Collected data entries
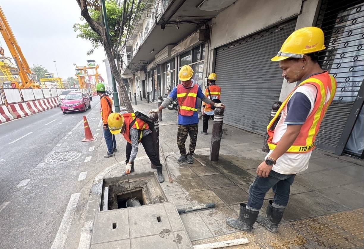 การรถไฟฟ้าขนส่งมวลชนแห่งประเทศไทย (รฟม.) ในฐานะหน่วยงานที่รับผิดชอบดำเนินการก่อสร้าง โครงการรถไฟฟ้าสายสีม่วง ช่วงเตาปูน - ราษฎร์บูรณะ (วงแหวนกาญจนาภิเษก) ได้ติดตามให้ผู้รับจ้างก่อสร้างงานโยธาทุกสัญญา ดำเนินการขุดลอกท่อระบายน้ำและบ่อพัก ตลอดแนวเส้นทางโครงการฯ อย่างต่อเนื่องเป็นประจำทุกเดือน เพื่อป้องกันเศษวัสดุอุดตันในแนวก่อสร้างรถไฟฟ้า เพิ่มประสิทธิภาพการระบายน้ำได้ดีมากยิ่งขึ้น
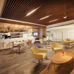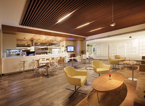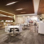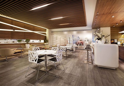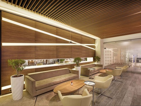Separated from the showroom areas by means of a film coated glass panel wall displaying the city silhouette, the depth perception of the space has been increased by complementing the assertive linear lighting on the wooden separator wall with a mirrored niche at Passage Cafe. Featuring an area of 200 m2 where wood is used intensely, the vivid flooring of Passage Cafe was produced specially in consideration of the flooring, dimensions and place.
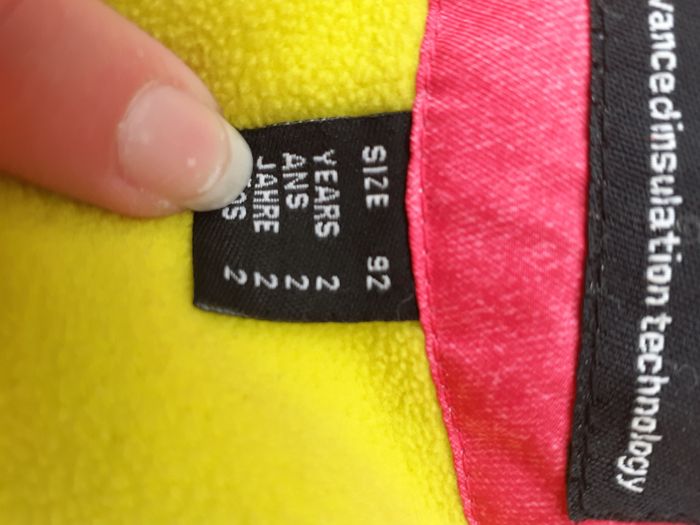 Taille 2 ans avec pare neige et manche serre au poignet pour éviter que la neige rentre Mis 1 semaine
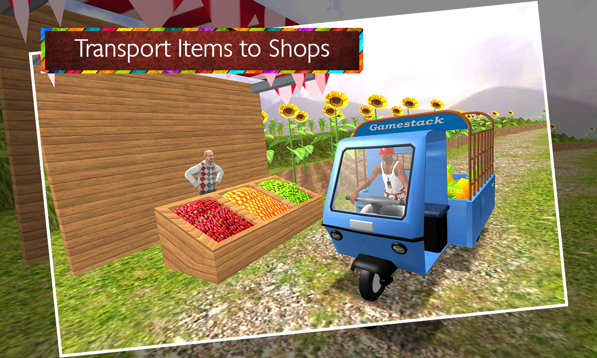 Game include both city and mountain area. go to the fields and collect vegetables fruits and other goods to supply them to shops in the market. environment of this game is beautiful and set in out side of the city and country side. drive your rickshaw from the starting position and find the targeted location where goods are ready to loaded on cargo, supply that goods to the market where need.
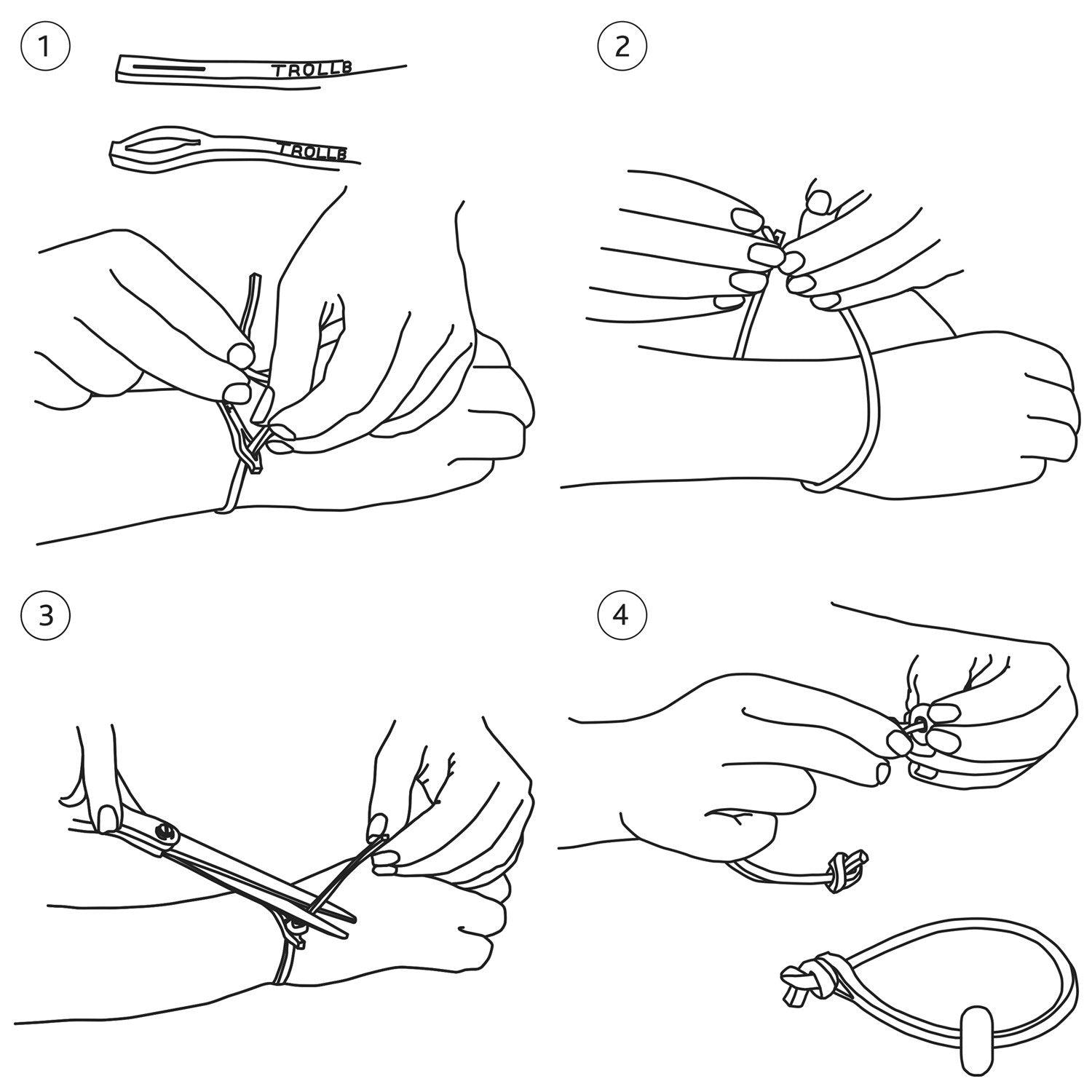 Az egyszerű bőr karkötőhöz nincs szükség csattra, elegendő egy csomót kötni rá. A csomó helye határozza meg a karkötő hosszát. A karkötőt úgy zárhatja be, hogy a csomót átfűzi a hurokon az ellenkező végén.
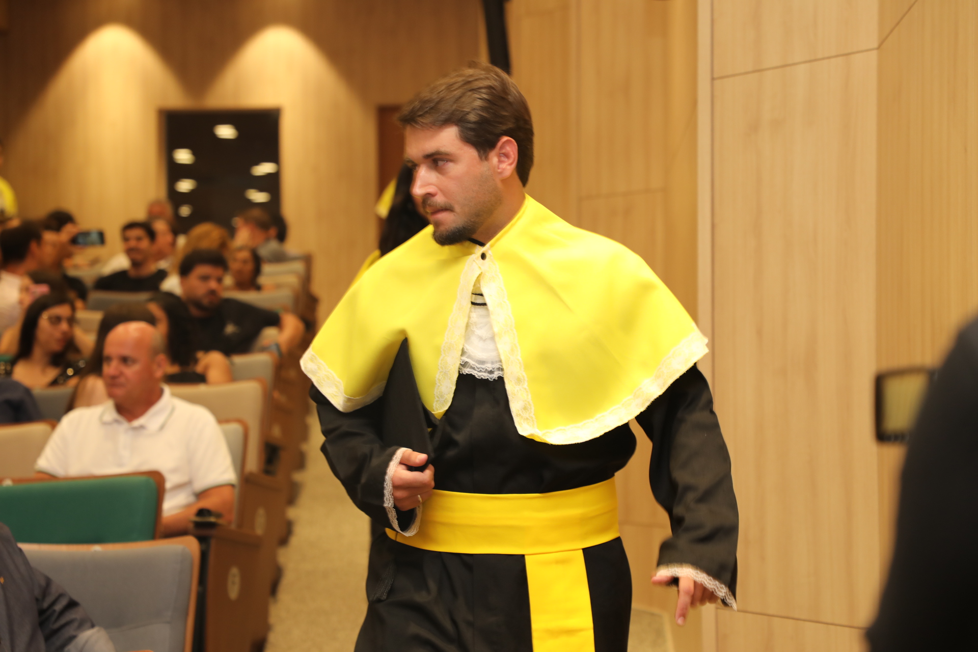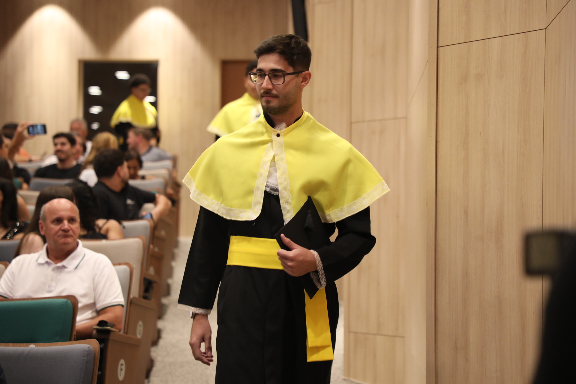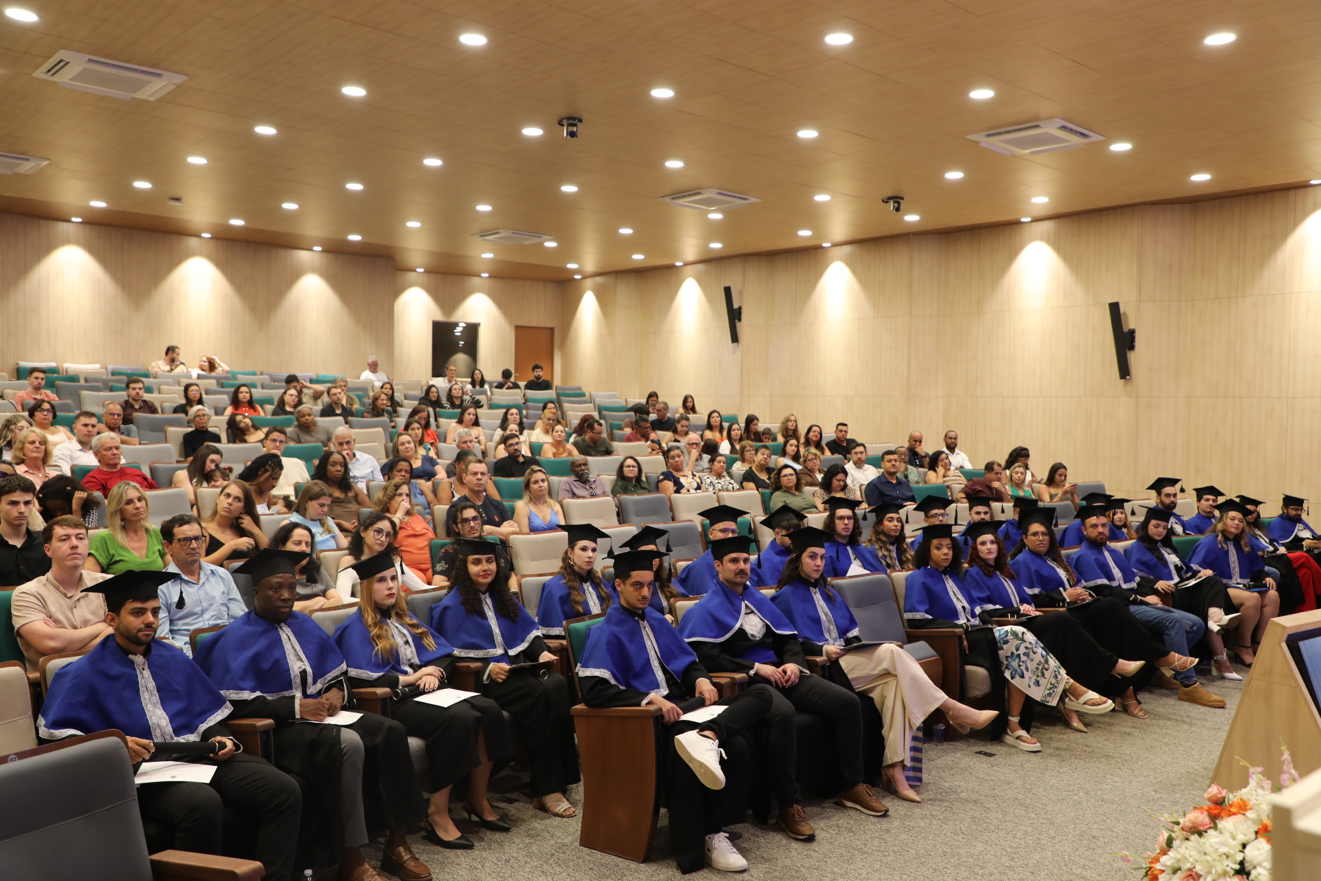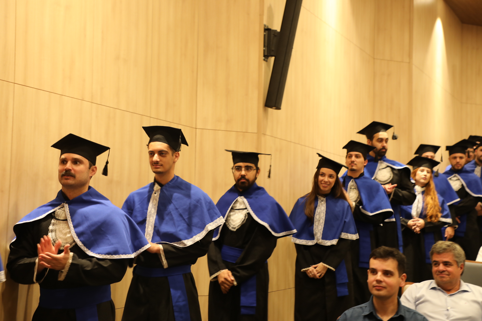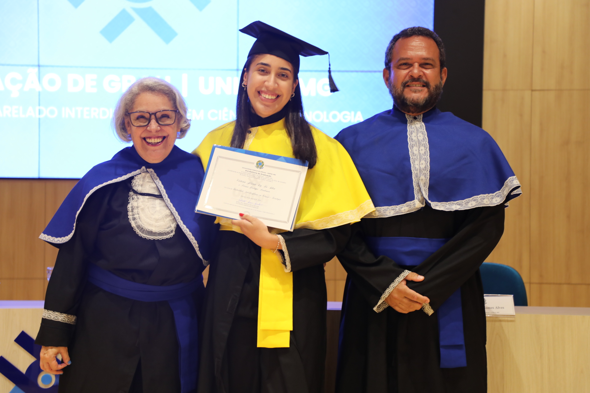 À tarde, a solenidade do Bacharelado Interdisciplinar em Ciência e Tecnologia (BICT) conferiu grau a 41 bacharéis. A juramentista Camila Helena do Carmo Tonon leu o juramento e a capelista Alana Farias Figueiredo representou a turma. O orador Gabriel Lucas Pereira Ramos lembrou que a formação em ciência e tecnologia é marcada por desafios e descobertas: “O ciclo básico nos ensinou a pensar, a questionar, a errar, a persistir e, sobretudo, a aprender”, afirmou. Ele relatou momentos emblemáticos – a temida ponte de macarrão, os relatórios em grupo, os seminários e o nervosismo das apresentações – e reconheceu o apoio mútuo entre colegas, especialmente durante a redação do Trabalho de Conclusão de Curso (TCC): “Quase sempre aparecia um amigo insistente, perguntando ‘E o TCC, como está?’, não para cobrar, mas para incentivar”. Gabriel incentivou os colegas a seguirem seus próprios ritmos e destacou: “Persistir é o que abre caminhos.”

## Task item
Copy the data above word for word. Pictures stay out.

## Response box
 การรถไฟฟ้าขนส่งมวลชนแห่งประเทศไทย (รฟม.) ในฐานะหน่วยงานที่รับผิดชอบดำเนินการก่อสร้าง โครงการรถไฟฟ้าสายสีม่วง ช่วงเตาปูน - ราษฎร์บูรณะ (วงแหวนกาญจนาภิเษก) ได้ติดตามให้ผู้รับจ้างก่อสร้างงานโยธาทุกสัญญา ดำเนินการขุดลอกท่อระบายน้ำและบ่อพัก ตลอดแนวเส้นทางโครงการฯ อย่างต่อเนื่องเป็นประจำทุกเดือน เพื่อป้องกันเศษวัสดุอุดตันในแนวก่อสร้างรถไฟฟ้า เพิ่มประสิทธิภาพการระบายน้ำได้ดีมากยิ่งขึ้น
Separated from the showroom areas by means of a film coated glass panel wall displaying the city silhouette, the depth perception of the space has been increased by complementing the assertive linear lighting on the wooden separator wall with a mirrored niche at Passage Cafe. Featuring an area of 200 m2 where wood is used intensely, the vivid flooring of Passage Cafe was produced specially in consideration of the flooring, dimensions and place.
 Taille 2 ans avec pare neige et manche serre au poignet pour éviter que la neige rentre Mis 1 semaine
 Game include both city and mountain area. go to the fields and collect vegetables fruits and other goods to supply them to shops in the market. environment of this game is beautiful and set in out side of the city and country side. drive your rickshaw from the starting position and find the targeted location where goods are ready to loaded on cargo, supply that goods to the market where need.
 Az egyszerű bőr karkötőhöz nincs szükség csattra, elegendő egy csomót kötni rá. A csomó helye határozza meg a karkötő hosszát. A karkötőt úgy zárhatja be, hogy a csomót átfűzi a hurokon az ellenkező végén.
 À tarde, a solenidade do Bacharelado Interdisciplinar em Ciência e Tecnologia (BICT) conferiu grau a 41 bacharéis. A juramentista Camila Helena do Carmo Tonon leu o juramento e a capelista Alana Farias Figueiredo representou a turma. O orador Gabriel Lucas Pereira Ramos lembrou que a formação em ciência e tecnologia é marcada por desafios e descobertas: “O ciclo básico nos ensinou a pensar, a questionar, a errar, a persistir e, sobretudo, a aprender”, afirmou. Ele relatou momentos emblemáticos – a temida ponte de macarrão, os relatórios em grupo, os seminários e o nervosismo das apresentações – e reconheceu o apoio mútuo entre colegas, especialmente durante a redação do Trabalho de Conclusão de Curso (TCC): “Quase sempre aparecia um amigo insistente, perguntando ‘E o TCC, como está?’, não para cobrar, mas para incentivar”. Gabriel incentivou os colegas a seguirem seus próprios ritmos e destacou: “Persistir é o que abre caminhos.”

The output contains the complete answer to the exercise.